Let's take a trip back through ancient history, shall we?
It was long ago, way back in the fall of '05 - as in 2005, which is eons ago when measured by fast-food standards - that the first Raising Cane's restaurant opened in our community.
Columbia County had the distinction of landing the area's first outpost of the Louisiana-based franchise, which features a short menu consisting almost entirely of chicken fingers.
When the restaurant opened, I wrote a column asking two questions:
1. How can a restaurant that serves just chicken fingers survive? (We now know this answer, at least around here: It can't - not these days, anyway.)
The second question:
2. What happened to all those oak trees nearby?
Starting to remember now? See, it really wasn't that long ago, was it?
When Raising Cane's opening was imminent, someone involved with the chain happened to notice the row of beautiful oak trees standing in front of the Publix shopping center where the new restaurant was opening.
Rather than seeing majestic oaks, however, this particular person saw leaves blocking motorists' view of the Cane's sign. He asked a county employee if those pesky trees could be hacked down - and that employee said, "Duh, OK."
A passerby noticed the foliage carnage and blew the whistle, but by then seven of the oaks had been felled. Tempers flared, fingers wagged, and eventually the seven stumps were dug up and replaced with new - though considerably smaller - oak saplings.
Four years later, driving by the shopping center, past the now-empty Raising Cane's building, you'll notice a row of nine oak trees: seven the same size, with the two survivors of the Tree Massacre of '05 standing taller at one end.
It seems those trees got the last laugh after all.
Incidentally, after the Loco's restaurant across the street from Cane's closed a while back, it followed what seems to be a pattern in Columbia County: It became a Mexican restaurant. Pablano's will open a second location at Loco's soon.
The first Pablano's opened in the defunct Twisted Chicken Cafe site on Evans-to-Locks at Town Center Drive. Before that, El Kiosko in Grovetown opened in a former Wife Saver.
Just recently, a Mi Rancho took over the former Khalid's Cafe in Evans, and nearby, Salsa's is opening soon in the former Patagonia Grill location.

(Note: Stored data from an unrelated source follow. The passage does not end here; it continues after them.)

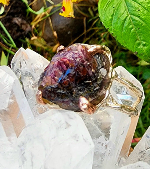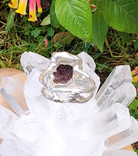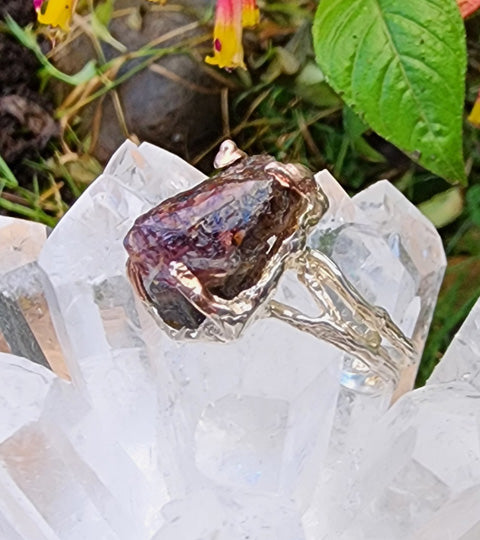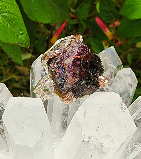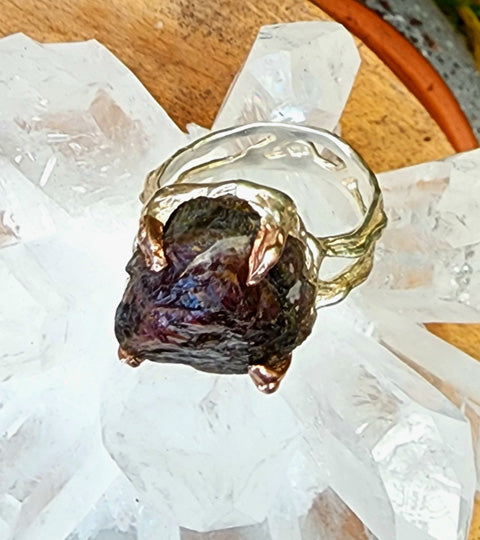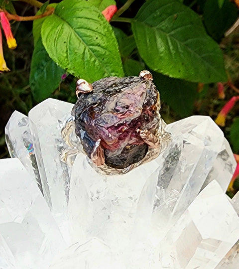 The band is sterling silver with a white-gold patina to help prevent tarnishing and a 22-karat rose-gold patina on the tips of the prongs to complement the pinkish tones of the tourmaline. The band comprises two strands that are intricately textured to resemble bark. Closer together at the base, the strands become slightly farther apart as they reach the gemstone to provide greater stability. The texture provides a lovely complement to the raw gemstone.
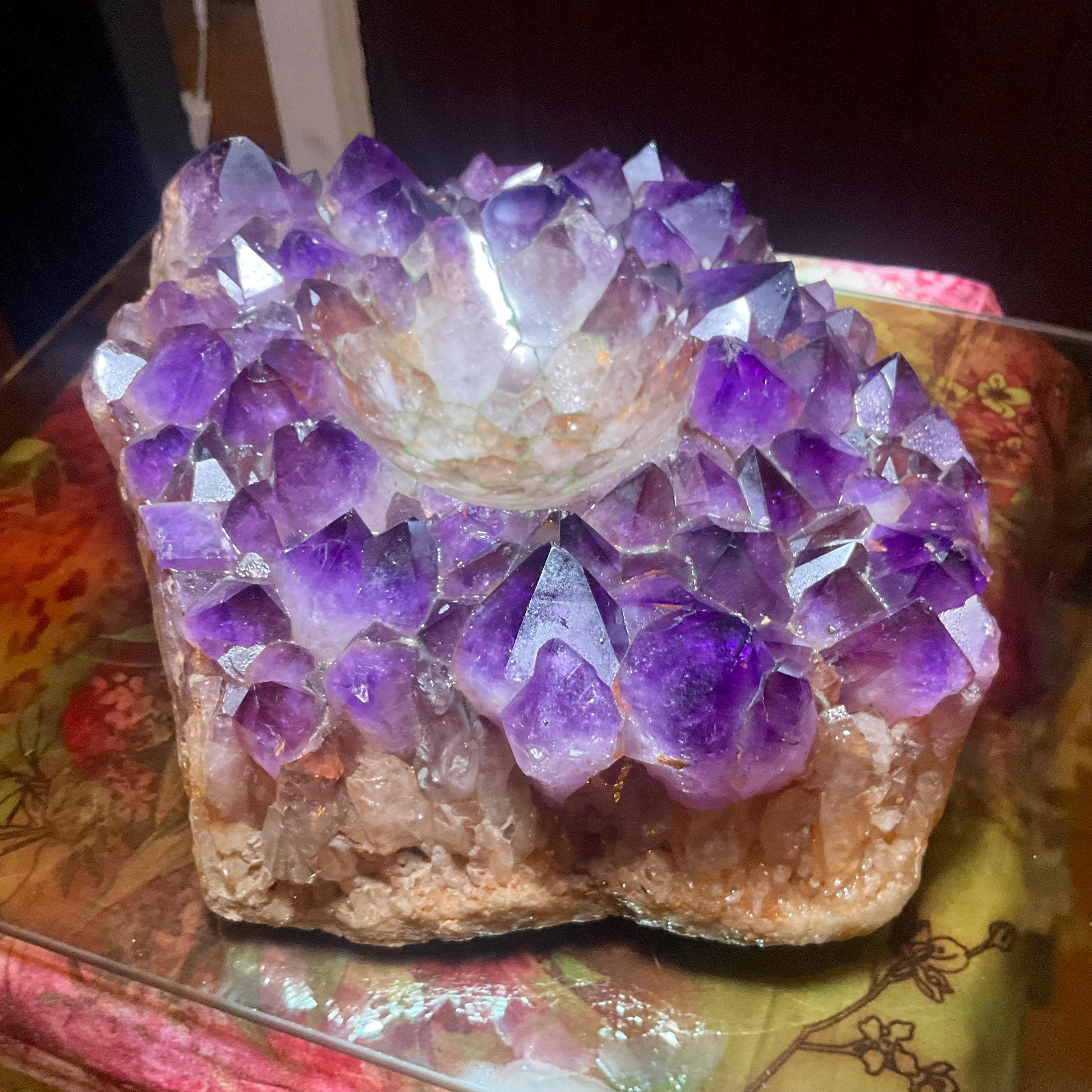 This is a beautiful deep purple Amethyst crystal bowl charging dish cluster.
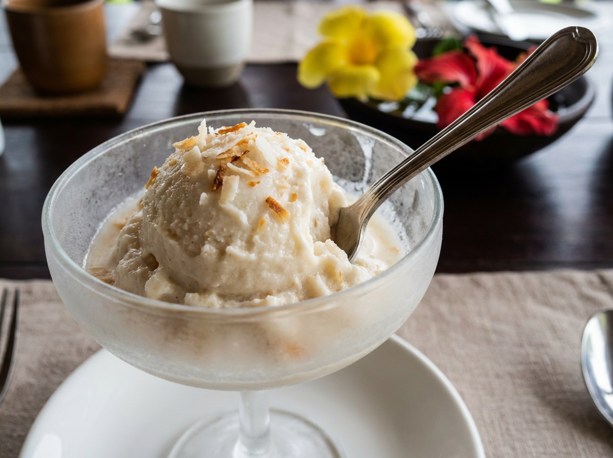 Un sorbet rafraîchissant préparé à partir de noix de coco mûres, typiques des régions tropicales du Sri Lanka. Sa texture légère met en valeur la douceur naturelle de la coco, offrant une sensation fraîche et douce, idéale pour accompagner un dessert ou être dégustée seule.
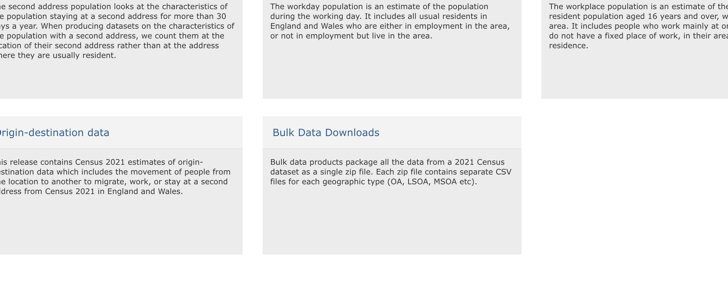 Specifically we want to find workday population () and residential population () to be able to use the two different denominators to make comparisons. Do note that the Census data are from 2021, at a time when COVID-19 related restrictions were in place, so the workday population figures may not be representative of a typical year. The next census is not until 2031, but the ONS do publish updated population estimates over time so you may want to explore those for more up to date figures. However, for the purposes of this course, we will be working with the census data.
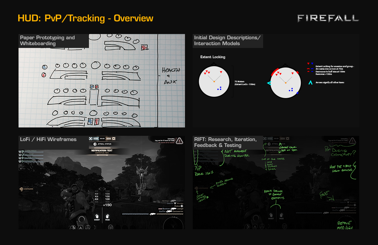 With a new iteration of Firefall underway, we wanted to modify our First Time User Experience (FTUE). We started experimenting with new methods to validate our design choices. I spearheaded the creation of on site testing stations. External players could come in, play through our new FTUE, survey them, and document their responses.
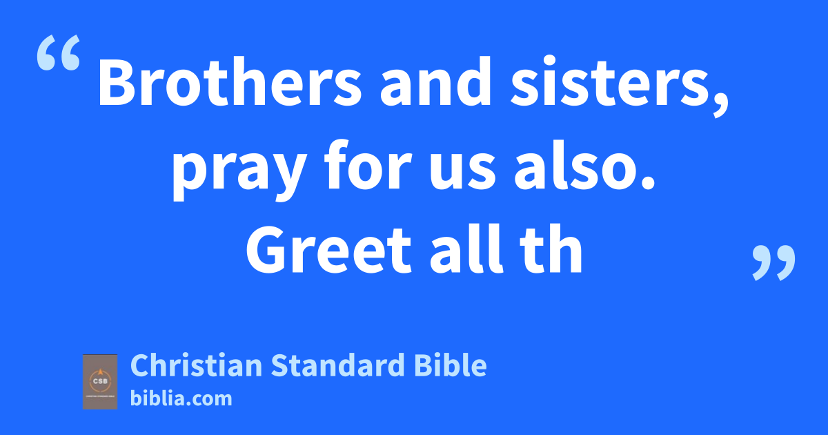 23 Now may the God of peaceae himself sanctify you completely. And may your whole spirit,af soul, and body be kept sound and blameless at the comingag of our Lordah Jesus Christ.ai 24 He who callsaj youak is faithful; he will do it. 25 Brothers and sisters, pray for us also. 26 Greet all the brothers and sisters with a holy kiss. 27 I charge you by the Lord that this letter be read to all the brothers and sisters.al 28 The grace of our Lord Jesus Christ be with you.
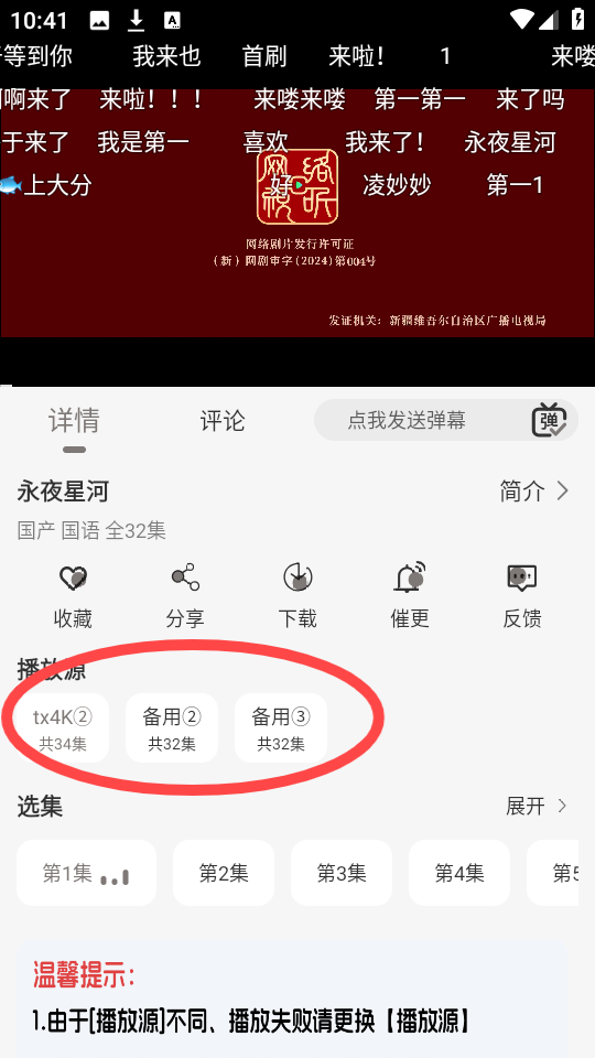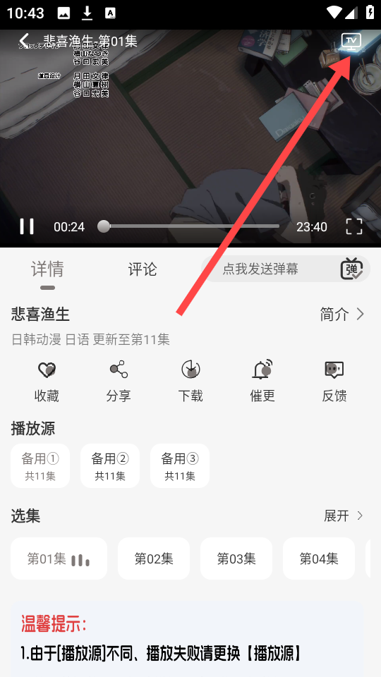 2、若当前播放不顺畅或模糊、请切换【播放源】。
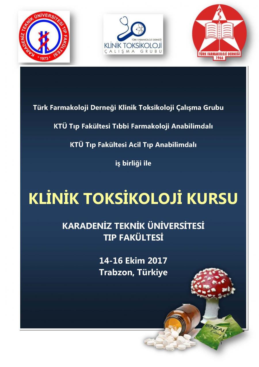 Karadeniz Teknik Üniversitesi Tıp Fakültesi Tıbbi Farmakoloji ve Acil Tıp Anabilim Dalları ile Türk Farmakoloji Derneği Klinik Toksikoloji Çalışma Grubu Yürütme Kurulu üyeleri ve Dokuz Eylül Üniversitesi Tıp Fakültesi Tıbbi Farmakoloji Anabilim Dalına bağlı Klinik Toksikoloji Bilim Dalı işbirliğiyle 14-16 Ekim 2017 tarihlerinde “KLİNİK TOKSİKOLOJİ KURSU” düzenlenecektir.
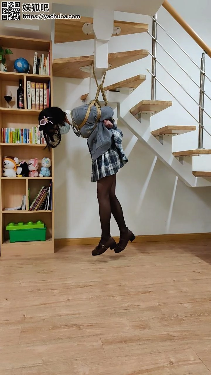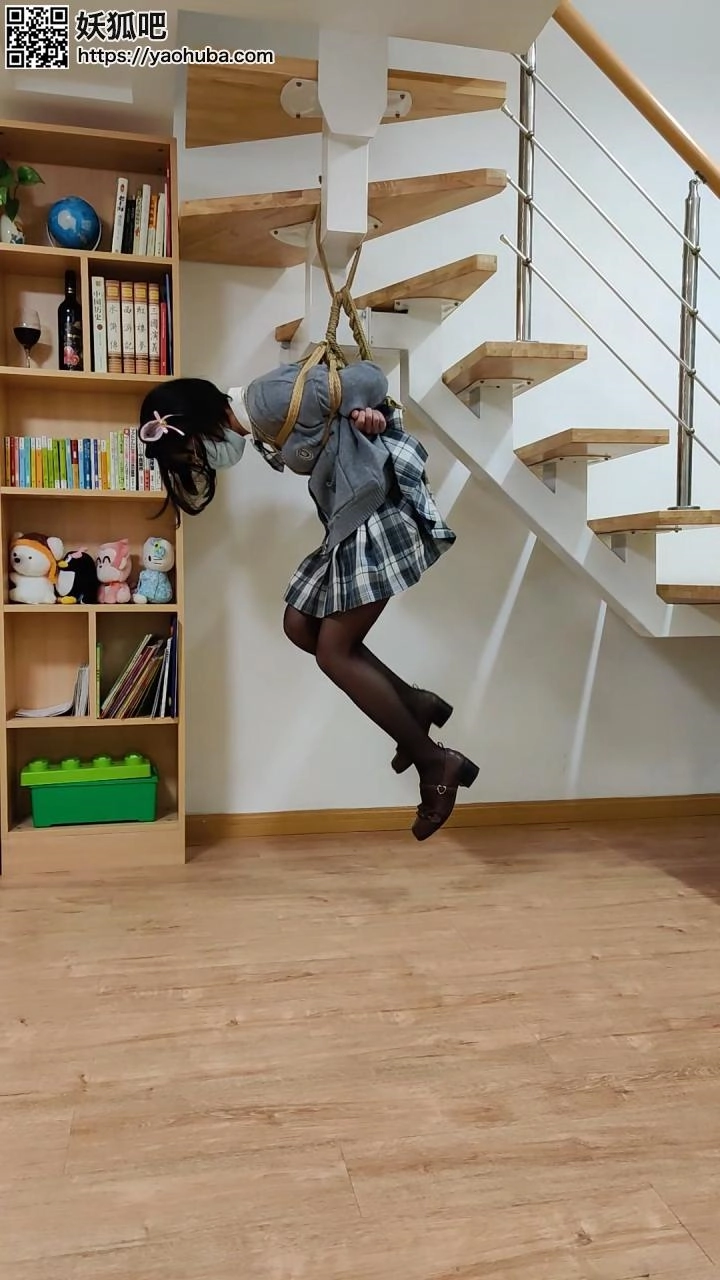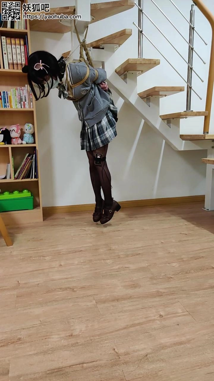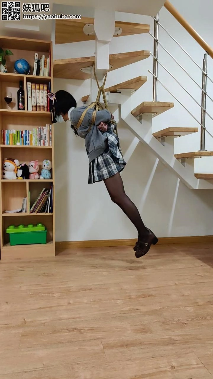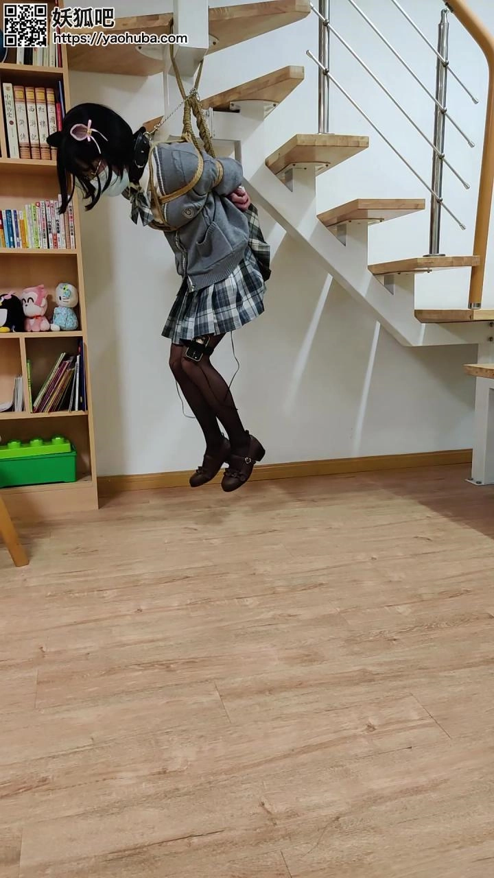 这次是黑丝JK悬吊~前半段是单纯悬吊,后半段是电击~
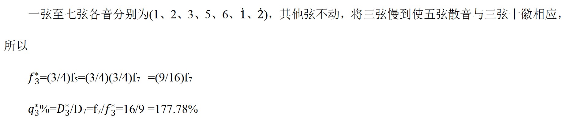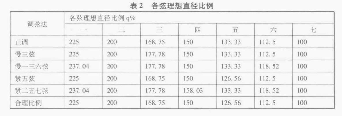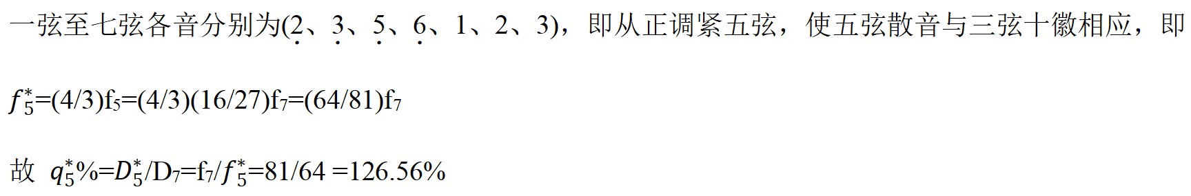 (二)根据公式⑧,可推出各弦直径长度之间的合理关系。古琴之调弦法最常用的有正调、慢三弦、慢一三六弦、紧五弦、紧二五七弦五种,现分别讨论如下
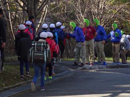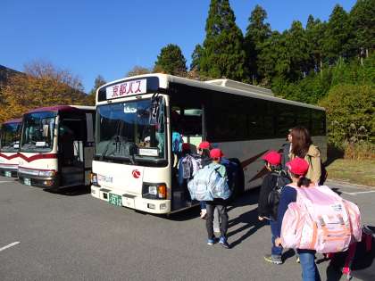 山の家な先生方に素敵なお見送りしていただいて,バスに乗り込みました。さあ,学校へ帰ります。
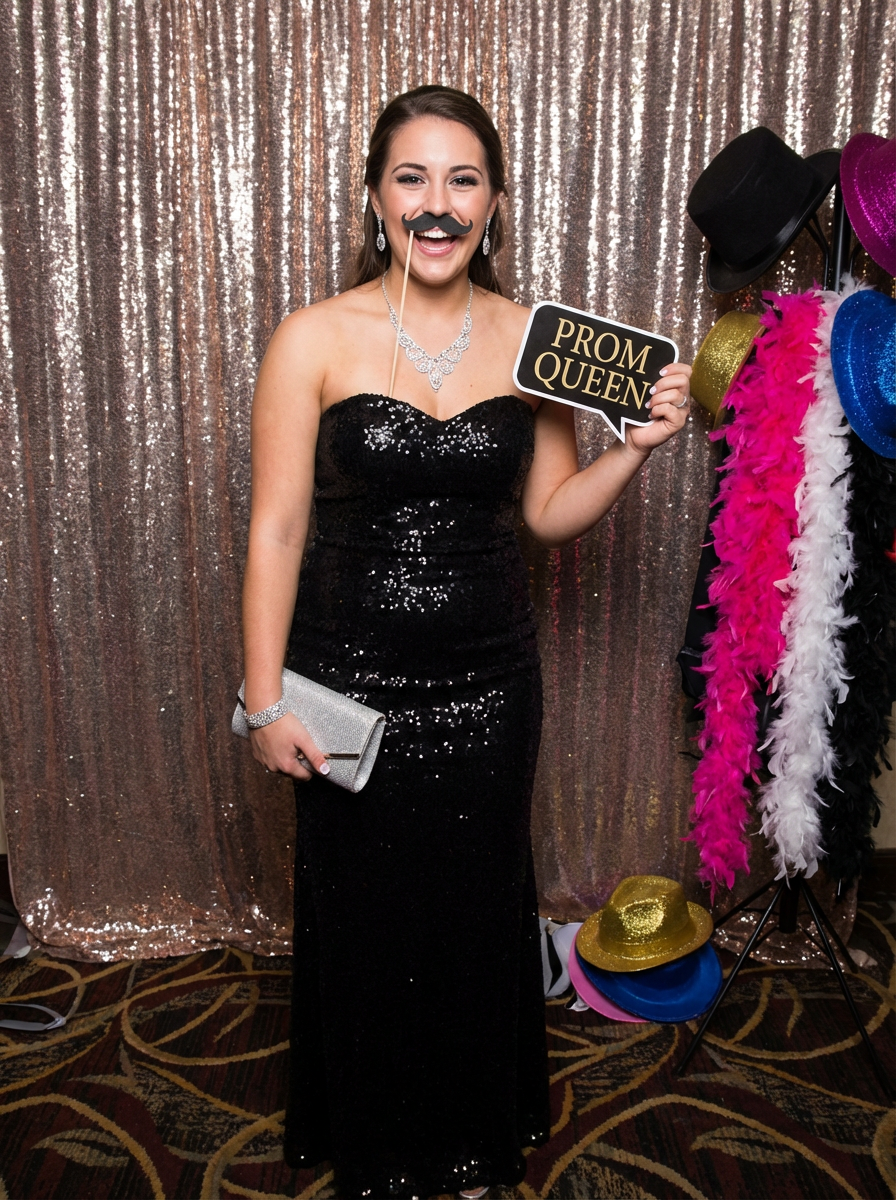 model at prom photo booth, fun props, glamorous prom look , playful poses
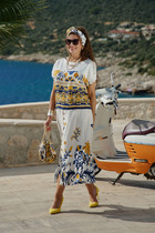 Туника полуприлегающего силуэта с расширением к низу, выполнена из трикотажного полотна с фактурной лицевой стороной «люрекс». Модель отрезная по линии талии; верхняя часть переда и спинки (лиф) на трикотажной подкладке. Лиф переда с одним рельефным швом, направленным от левой проймы; нижняя часть переда состоит из двух деталей, скрепленных на запах. По линии талии, вдоль рельефа, перед задрапирован сборкой и односторонними складками. На спинке обработаны талиевые вытачки и средний шов с застежкой на потайную тесьму-«молнию» (50 см). Вырез горловины спинки и переда формы «лодочка». Рукав без шва, с отлетными краями; крепится к пройме только в верхней части. Длина туники – 139 см; длина рукава – 51 см.
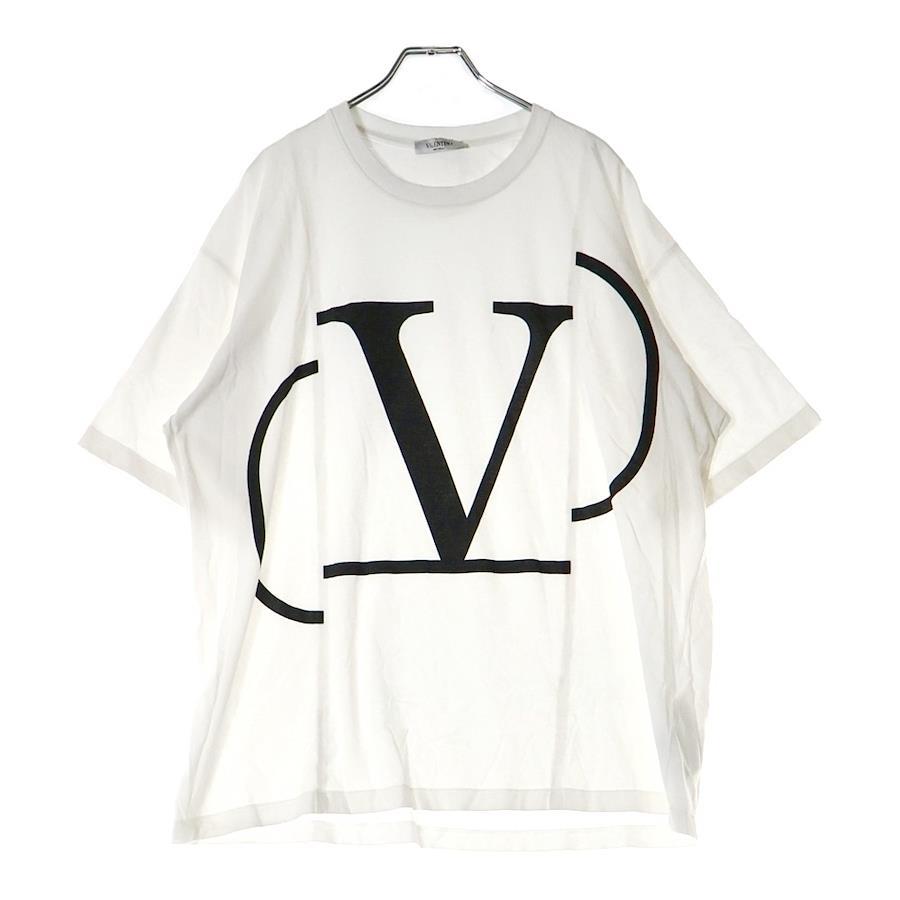 [モデル]Vロゴ デコンストラクトプリント クルーネック コットン 半袖Tシャツ カットソー ホワイト RV0MG01SLIA

And for really ancient historians, the original Monterey in Martinez used to be a Del Taco franchise.
So: We're pretty sure the empty Augusta Cane's will become a Zaxby's. Anyone want to bet on what the Martinez Cane's building will become?
And wouldn't it be really funny if it was a second location for Harlem's Acorn Restaurant?
By the way: If you're wondering what's now under construction on Belair Road next to Cracker Barrel, it's a Burger King.